• _ABOUT THIS EXERCISE_
Only one stretch of the records below is wanted: the lines from the one holding "Ao lado do corpo, foi" through the one holding "another update video". Return it exactly, both ends included.

• _DATA FOR ANALYSIS_
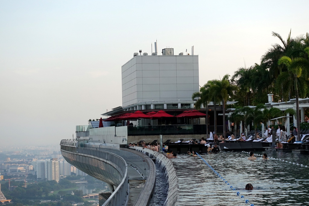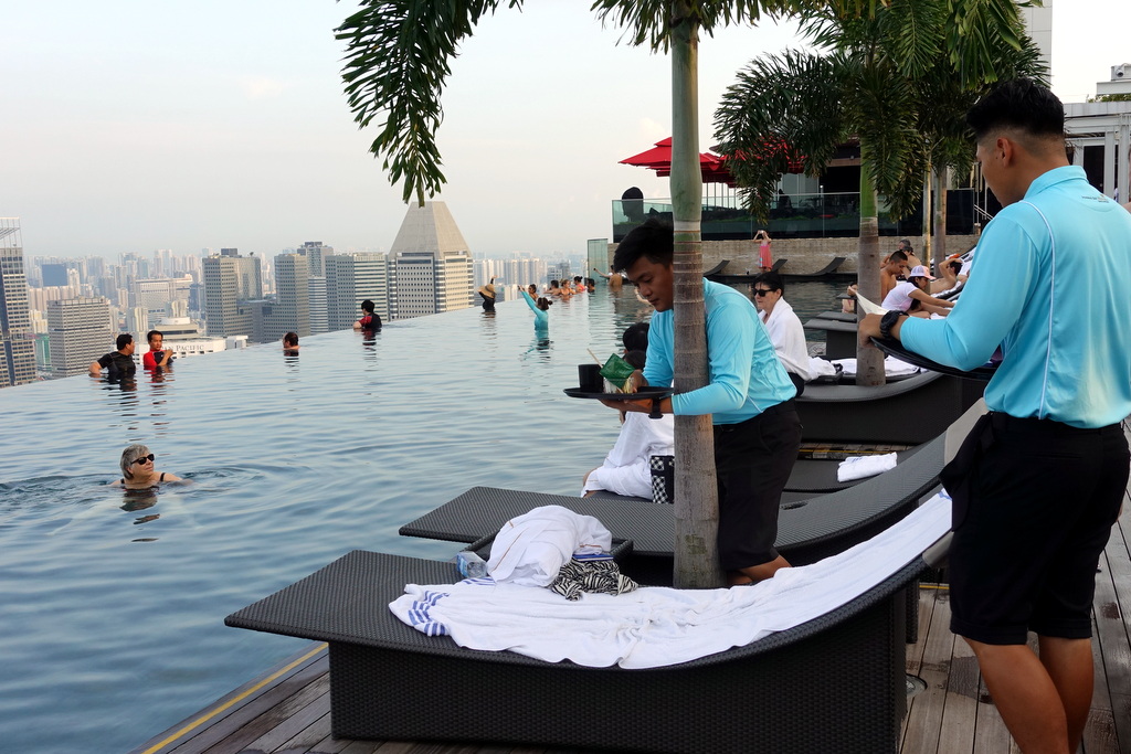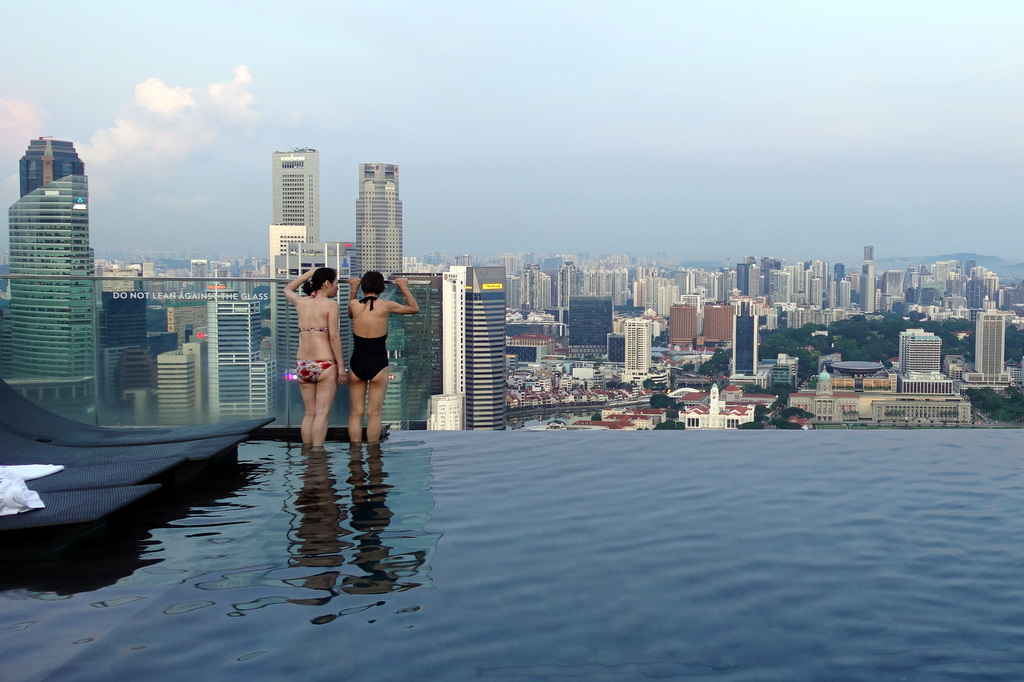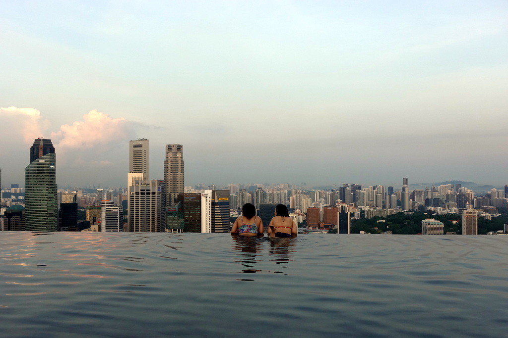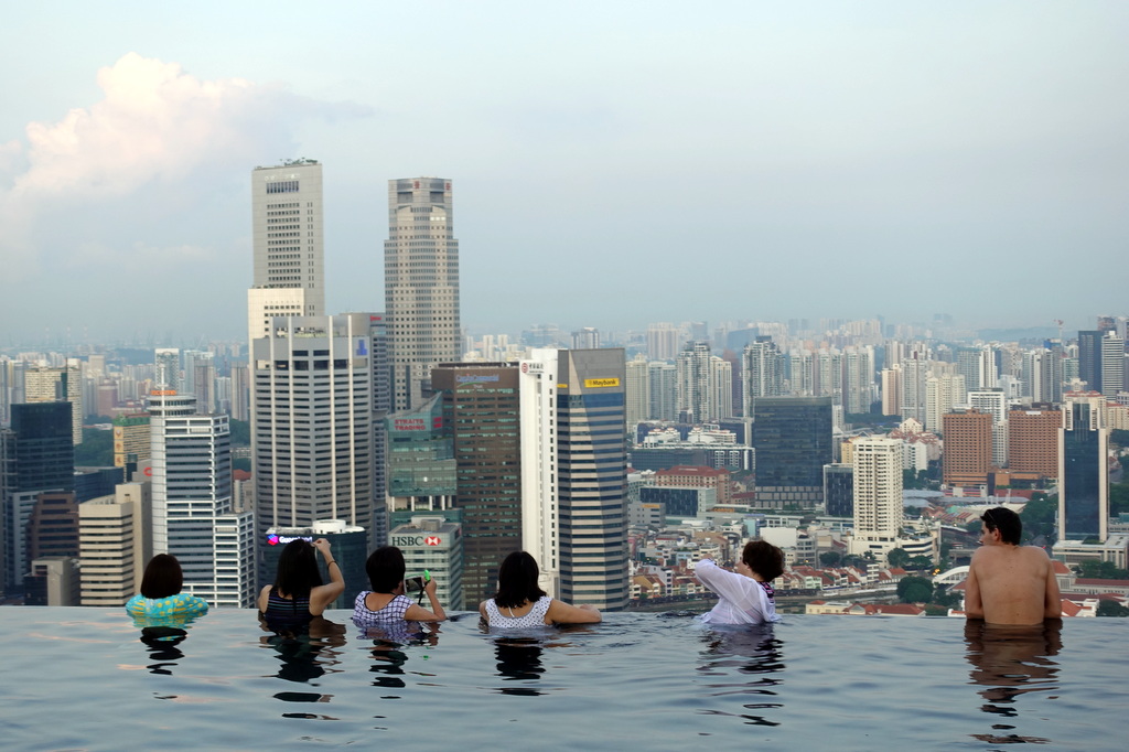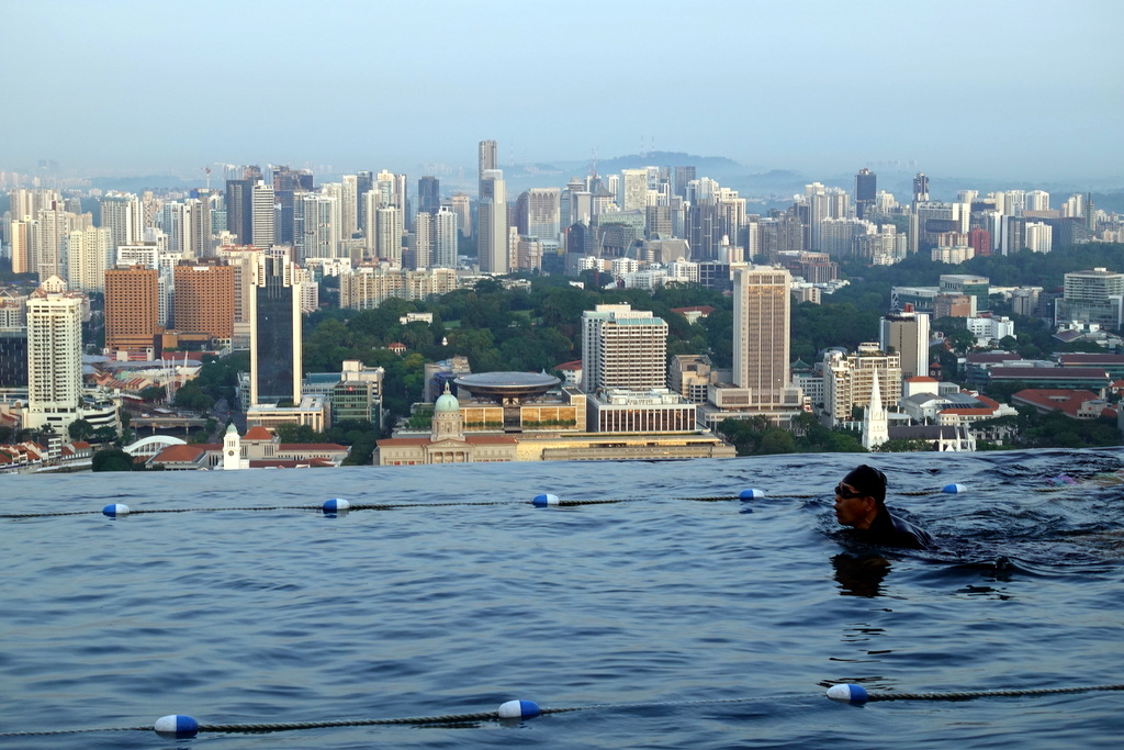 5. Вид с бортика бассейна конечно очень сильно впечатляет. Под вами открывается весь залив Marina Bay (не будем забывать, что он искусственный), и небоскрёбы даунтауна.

* * *

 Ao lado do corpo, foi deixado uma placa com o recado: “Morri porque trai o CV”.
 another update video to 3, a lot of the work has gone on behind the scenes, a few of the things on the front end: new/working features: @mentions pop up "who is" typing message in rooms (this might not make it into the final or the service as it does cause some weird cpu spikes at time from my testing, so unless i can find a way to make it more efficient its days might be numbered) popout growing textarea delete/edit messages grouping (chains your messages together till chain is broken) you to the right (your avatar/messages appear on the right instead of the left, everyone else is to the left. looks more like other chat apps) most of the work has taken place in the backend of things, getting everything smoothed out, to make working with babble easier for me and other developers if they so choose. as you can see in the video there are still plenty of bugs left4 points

• _RESPONSE BOX_
 Ao lado do corpo, foi deixado uma placa com o recado: “Morri porque trai o CV”.
 another update video to 3, a lot of the work has gone on behind the scenes, a few of the things on the front end: new/working features: @mentions pop up "who is" typing message in rooms (this might not make it into the final or the service as it does cause some weird cpu spikes at time from my testing, so unless i can find a way to make it more efficient its days might be numbered) popout growing textarea delete/edit messages grouping (chains your messages together till chain is broken) you to the right (your avatar/messages appear on the right instead of the left, everyone else is to the left. looks more like other chat apps) most of the work has taken place in the backend of things, getting everything smoothed out, to make working with babble easier for me and other developers if they so choose. as you can see in the video there are still plenty of bugs left4 points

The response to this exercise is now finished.